# [TASK OBJECTIVE]
In the records below, the line with "DRIED APPLE, RICOTTA, GRUYERE, CASHEWS, ARUGULA, APPLE" opens the range and the line with "Quyết định số" closes it; print that range exactly and nothing else.

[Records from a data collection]
• • •
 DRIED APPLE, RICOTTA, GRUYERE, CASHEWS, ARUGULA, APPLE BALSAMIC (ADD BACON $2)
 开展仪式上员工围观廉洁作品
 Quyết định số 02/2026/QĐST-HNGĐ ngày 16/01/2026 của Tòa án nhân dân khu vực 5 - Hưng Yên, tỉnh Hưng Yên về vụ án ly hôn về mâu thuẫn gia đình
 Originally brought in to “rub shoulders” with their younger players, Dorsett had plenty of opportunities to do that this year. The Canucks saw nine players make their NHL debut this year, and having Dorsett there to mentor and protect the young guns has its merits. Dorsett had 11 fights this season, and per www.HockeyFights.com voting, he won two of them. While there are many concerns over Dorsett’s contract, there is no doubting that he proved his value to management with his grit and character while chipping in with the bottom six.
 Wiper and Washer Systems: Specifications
• • •
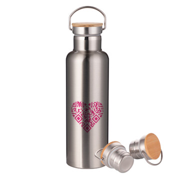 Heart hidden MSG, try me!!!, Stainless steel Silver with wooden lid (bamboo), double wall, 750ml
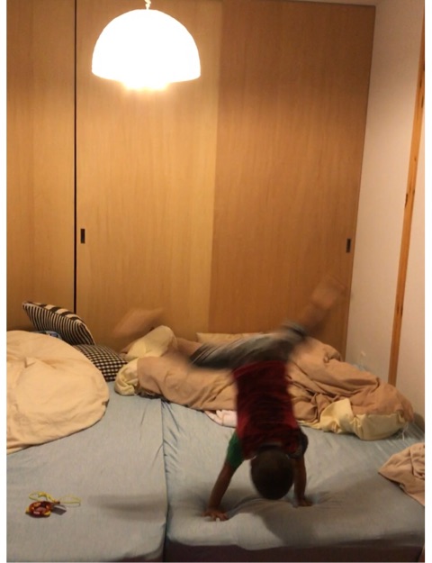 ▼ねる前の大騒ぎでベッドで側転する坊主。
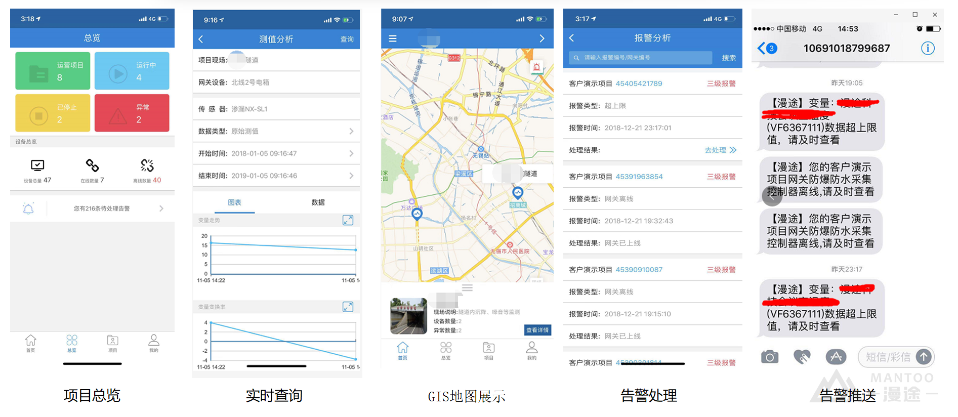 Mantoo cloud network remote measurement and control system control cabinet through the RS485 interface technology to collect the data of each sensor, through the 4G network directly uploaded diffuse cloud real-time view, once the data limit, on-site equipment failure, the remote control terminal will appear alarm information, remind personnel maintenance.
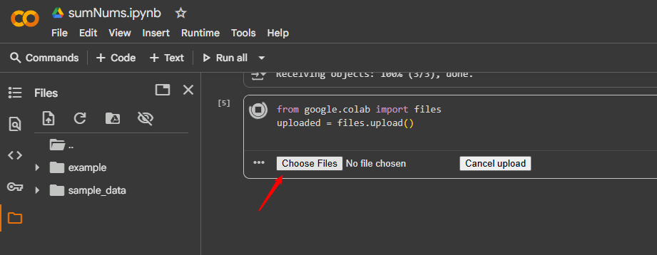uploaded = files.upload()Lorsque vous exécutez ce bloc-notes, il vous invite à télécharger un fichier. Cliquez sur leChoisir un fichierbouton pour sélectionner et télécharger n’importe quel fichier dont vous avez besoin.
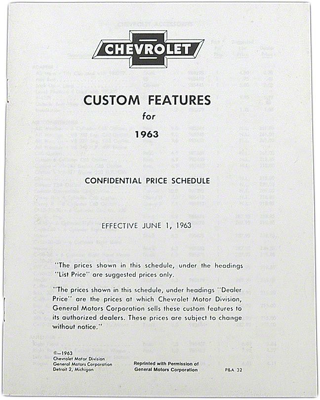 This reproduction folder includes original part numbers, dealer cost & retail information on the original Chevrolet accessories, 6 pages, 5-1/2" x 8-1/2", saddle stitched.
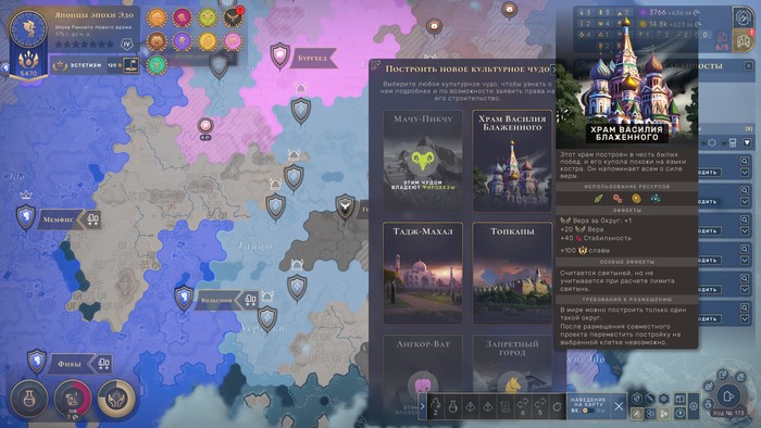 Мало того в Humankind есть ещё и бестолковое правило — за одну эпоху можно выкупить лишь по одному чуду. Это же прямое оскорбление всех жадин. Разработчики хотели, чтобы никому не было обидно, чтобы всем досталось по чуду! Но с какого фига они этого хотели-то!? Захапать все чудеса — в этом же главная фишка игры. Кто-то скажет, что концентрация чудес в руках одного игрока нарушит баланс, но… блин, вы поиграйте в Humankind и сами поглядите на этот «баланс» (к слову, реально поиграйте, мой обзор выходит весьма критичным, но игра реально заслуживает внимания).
• • •
# [RESPONSE BOX]
 DRIED APPLE, RICOTTA, GRUYERE, CASHEWS, ARUGULA, APPLE BALSAMIC (ADD BACON $2)
 开展仪式上员工围观廉洁作品
 Quyết định số 02/2026/QĐST-HNGĐ ngày 16/01/2026 của Tòa án nhân dân khu vực 5 - Hưng Yên, tỉnh Hưng Yên về vụ án ly hôn về mâu thuẫn gia đình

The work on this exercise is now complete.